Depuis 2000, la Thurgovie compte quatre réseaux de soins régionaux. Particularité,
les spécialistes peuvent être les médecins de premier recours. «C’est une condition
que nous posons lors des négociations avec les assureurs. Selon les affections, cela
fait beaucoup de sens qu’un psychiatre ou que le spécialiste d’une maladie chronique
soit l’interlocuteur privilégié du patient», explique Roman Buff.

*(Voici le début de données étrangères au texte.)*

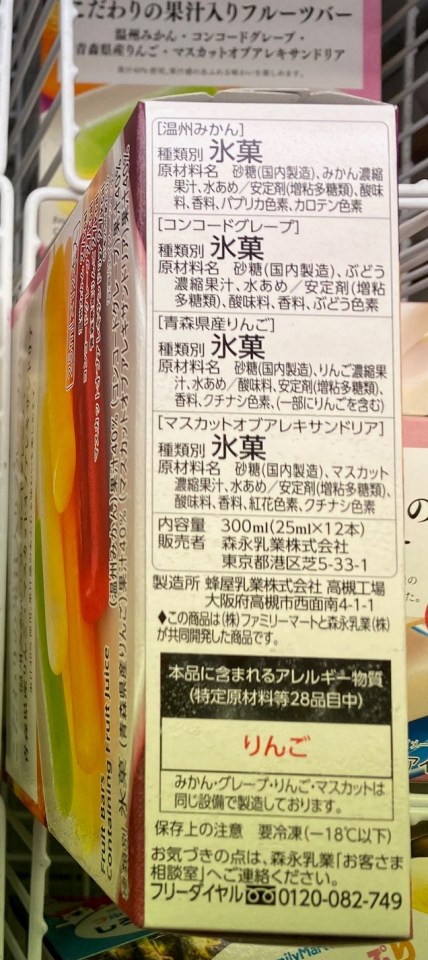 Family Mart Fruit Bars Containing Fruit Juice ingredient list
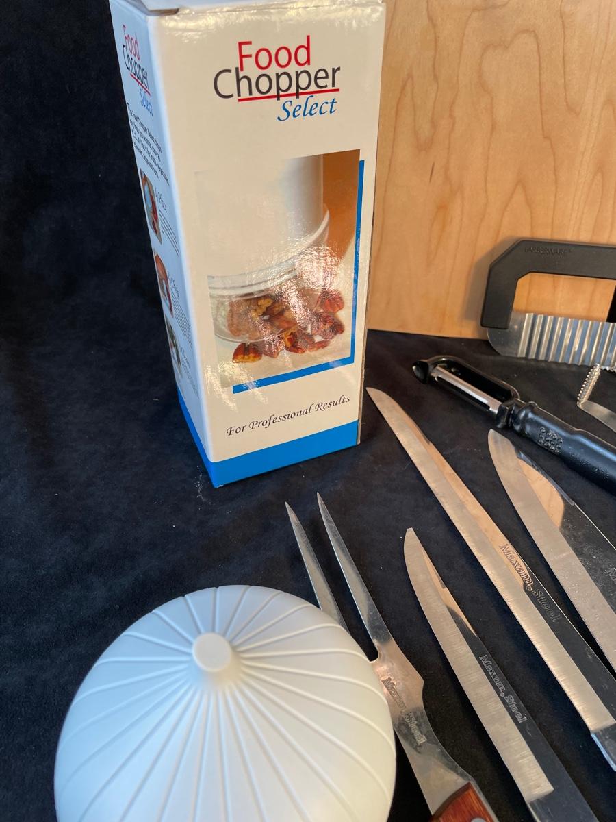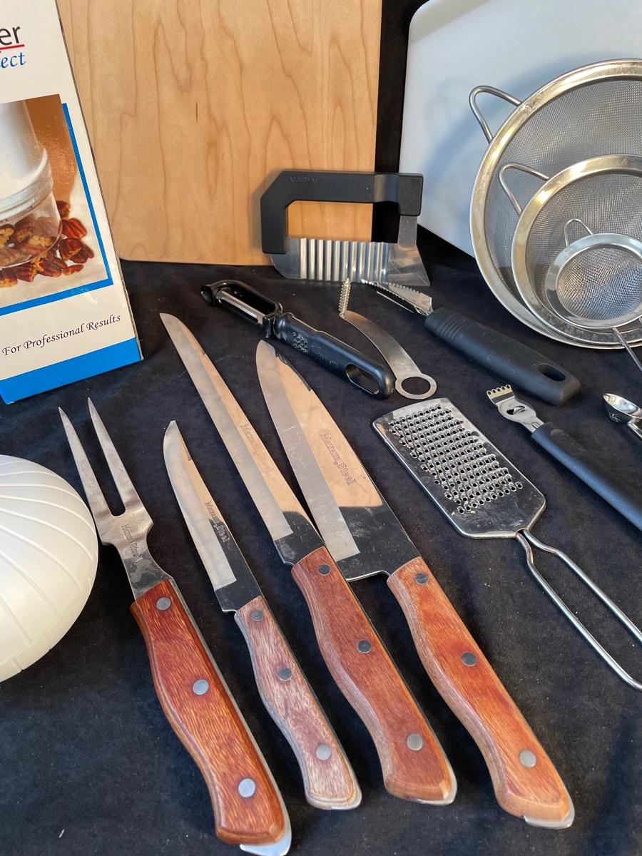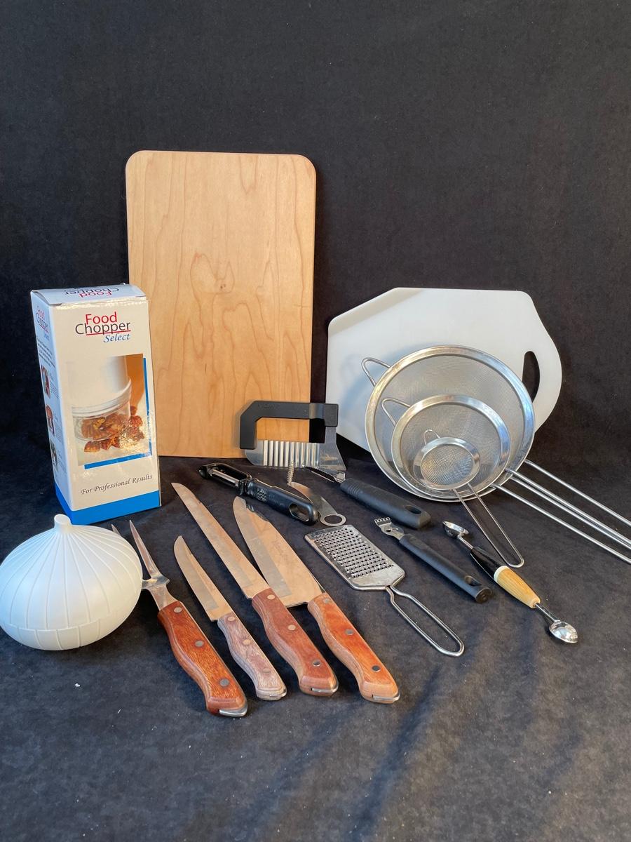 Two cutting boards, food chopper, knife set, onion keeper, assorted utensils and set of 3 strainers

Dans le canton de Zurich, MediX, réseau lancé en 1998, enregistre chaque année
une augmentation de près de 15% des patients afliés à un modèle Managed Care.
Soit, entre-temps, quelque 65 000 personnes. «La popularité du modèle ne cesse de
croître dans le canton de Zurich. Au point que nous allons bientôt avoir de la peine à
trouver des médecins de premier recours», constate Felix Huber, un des fondateurs
de MediX.
Les médecins travaillant pour MediX sont en grande majorité des femmes, qui ont
souvent des enfants en bas âge et travaillent à temps partiel. Felix Huber insiste:
«Les praticiens n’ont pas de rapports directs avec les caisses. Une entreprise externe
fait ce travail pour nous.» On trouve en effet dans tous les cantons les réseaux
sont entrés dans les mœurs des sociétés de management pour réseaux qui se sont
spécialisées dans la négociation des contrats avec les caisses.